Write out exactly the lines from the one containing "8月3日,加沙地带北部加沙城遭袭地点冒出浓烟" through the last line of the records below, both included, and leave out any pictures.

'''

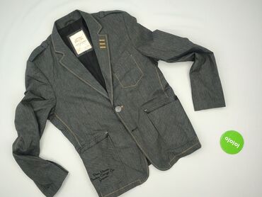 Marynarka męska Summer-cha - Krój: jednorzędowa, 3‑guzikowa - Klapy: klasyczne, otwarte - Materiał: 80% wełna, 20% poliester (na metce) - Podszewka: jasna, gładka - Wzór: szara tkanina w delikatne...
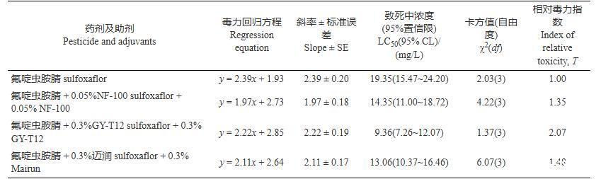 表4氟啶蟲胺腈添加助劑對蘋果黃蚜的毒力及增效作用
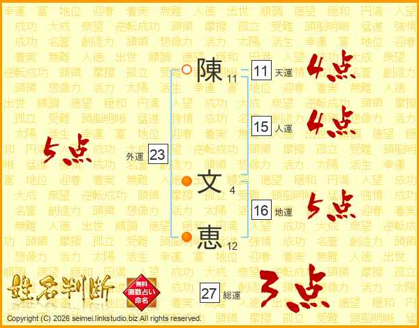 陳(11画) 文(4画)恵(12画)
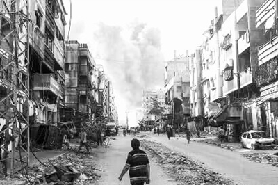 8月3日,加沙地带北部加沙城遭袭地点冒出浓烟
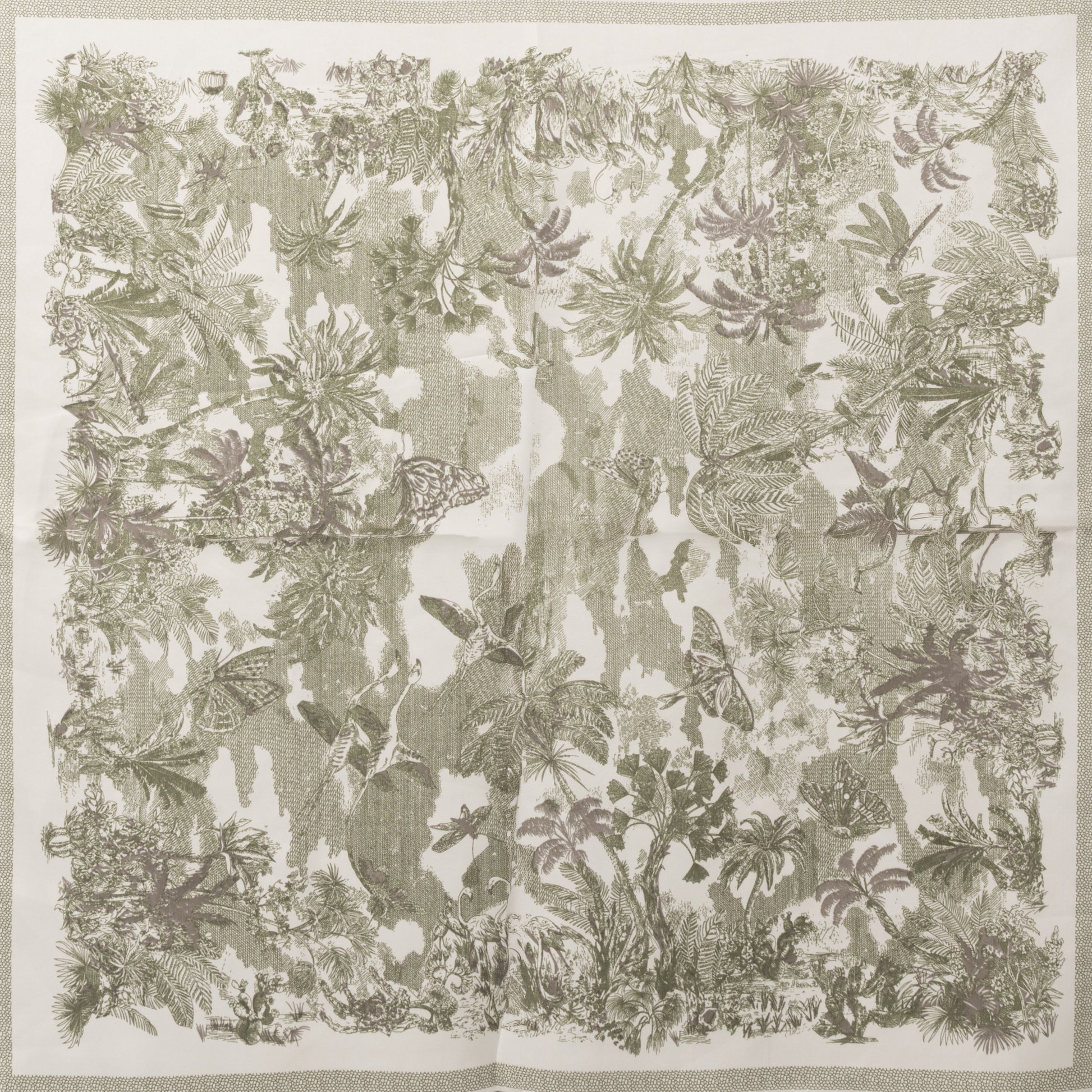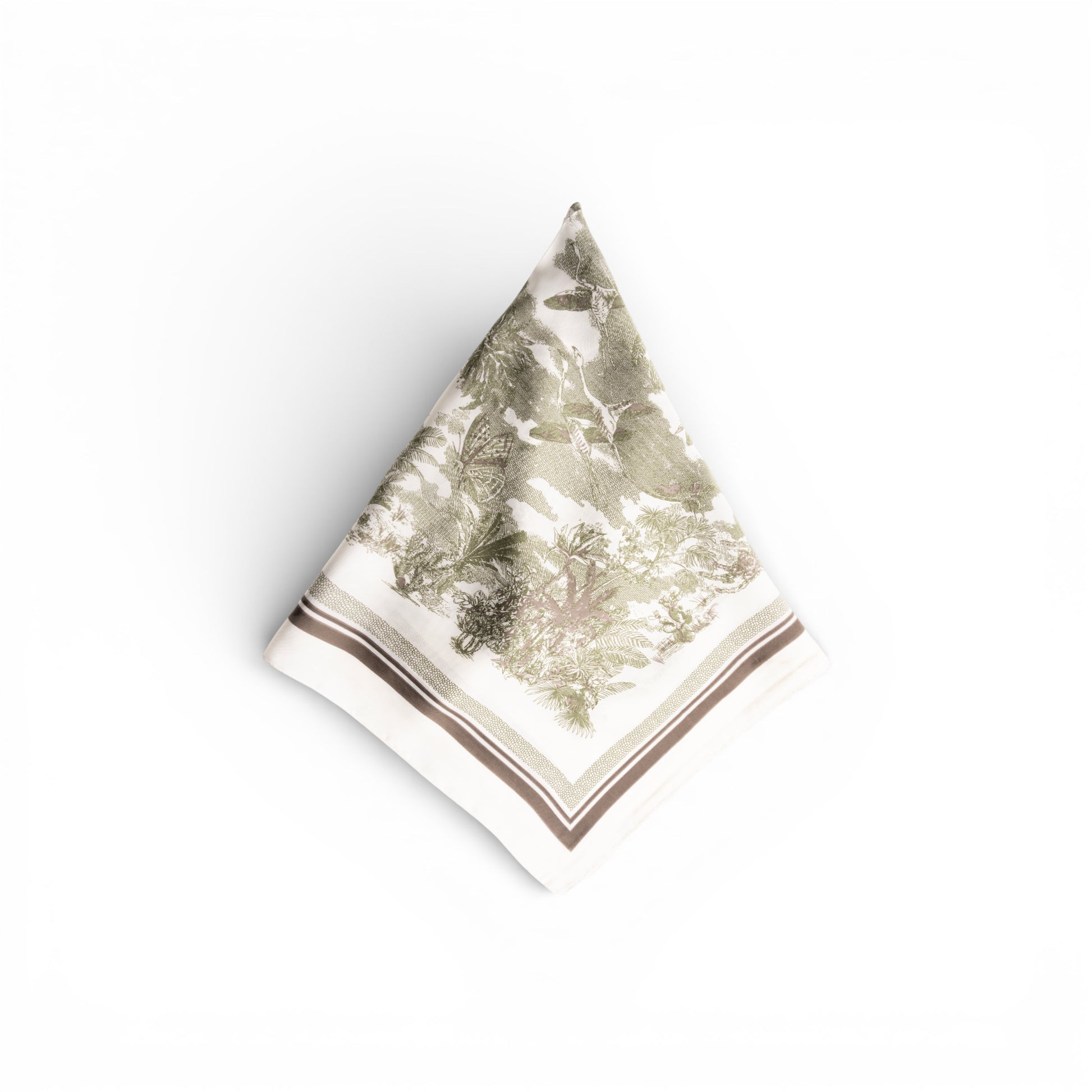Foulard in seta con stampa foresta tono verde militare

'''

→ **EXERCISE ANSWER**:
 8月3日,加沙地带北部加沙城遭袭地点冒出浓烟
Foulard in seta con stampa foresta tono verde militare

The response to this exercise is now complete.